Starting at the line that contains "Ajrakh handblocked print" and stopping at the line that contains "萊盛光標(biāo) LSGB-XER-CT201613 黑色粉盒", transcribe every line of the material below exactly; pictures stay out.

- Records to use
----------

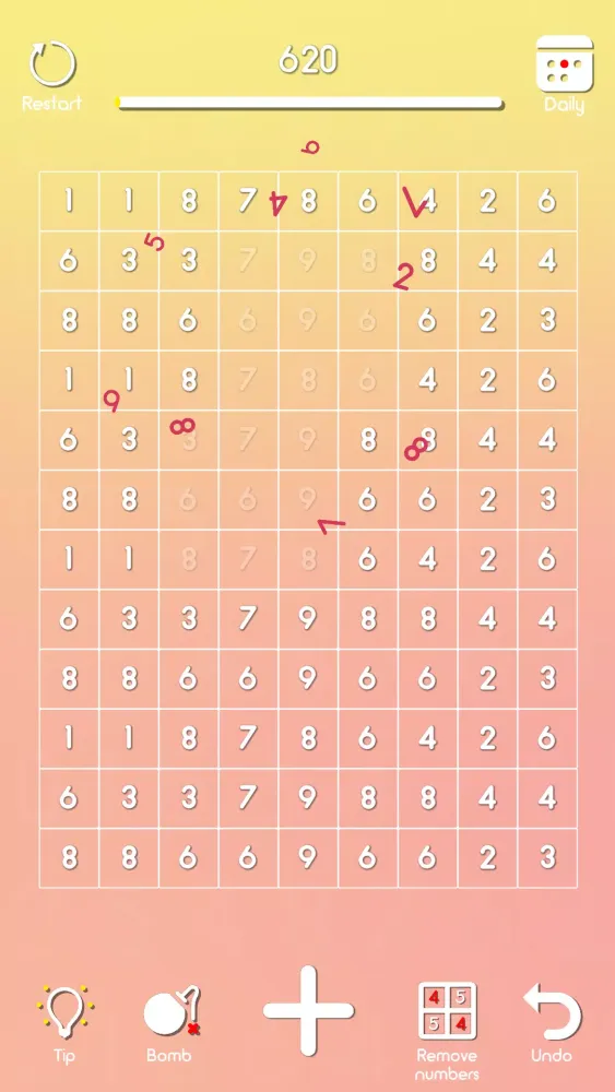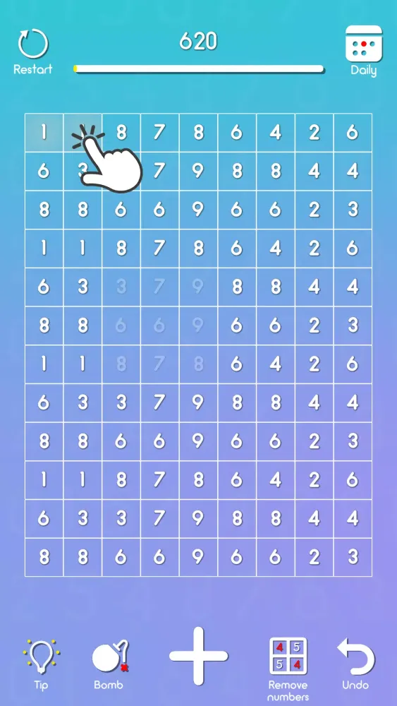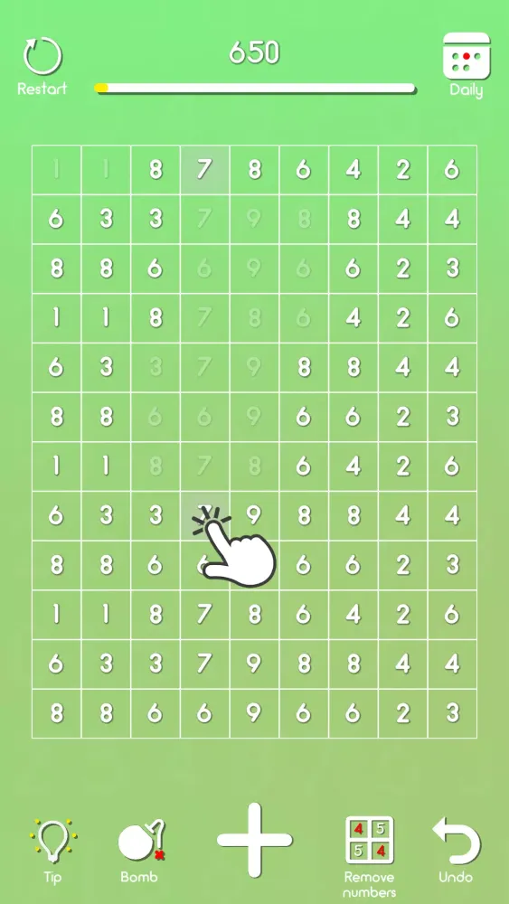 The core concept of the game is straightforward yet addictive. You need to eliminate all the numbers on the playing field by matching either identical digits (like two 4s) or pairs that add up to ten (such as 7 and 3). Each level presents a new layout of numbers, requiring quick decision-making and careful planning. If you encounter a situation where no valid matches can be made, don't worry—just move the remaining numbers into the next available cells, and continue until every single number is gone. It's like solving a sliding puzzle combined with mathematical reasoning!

----------

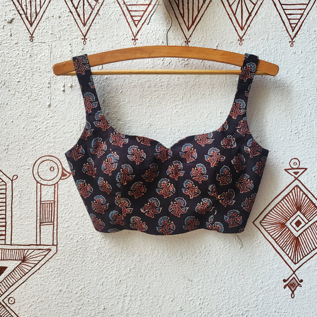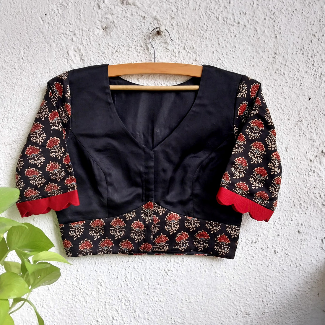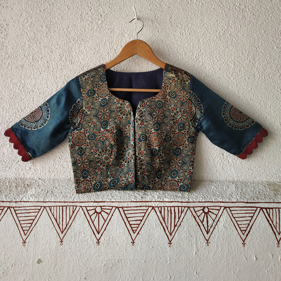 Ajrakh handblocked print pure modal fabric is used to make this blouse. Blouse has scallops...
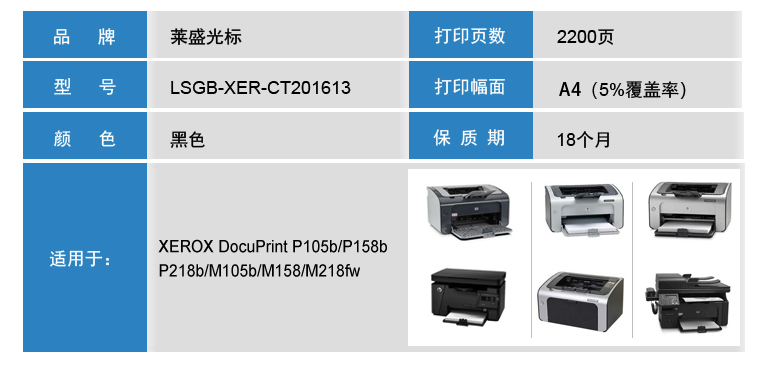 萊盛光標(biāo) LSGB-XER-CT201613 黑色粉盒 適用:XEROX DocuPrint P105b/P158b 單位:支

----------

- Expected answer
 Ajrakh handblocked print pure modal fabric is used to make this blouse. Blouse has scallops...
 萊盛光標(biāo) LSGB-XER-CT201613 黑色粉盒 適用:XEROX DocuPrint P105b/P158b 單位:支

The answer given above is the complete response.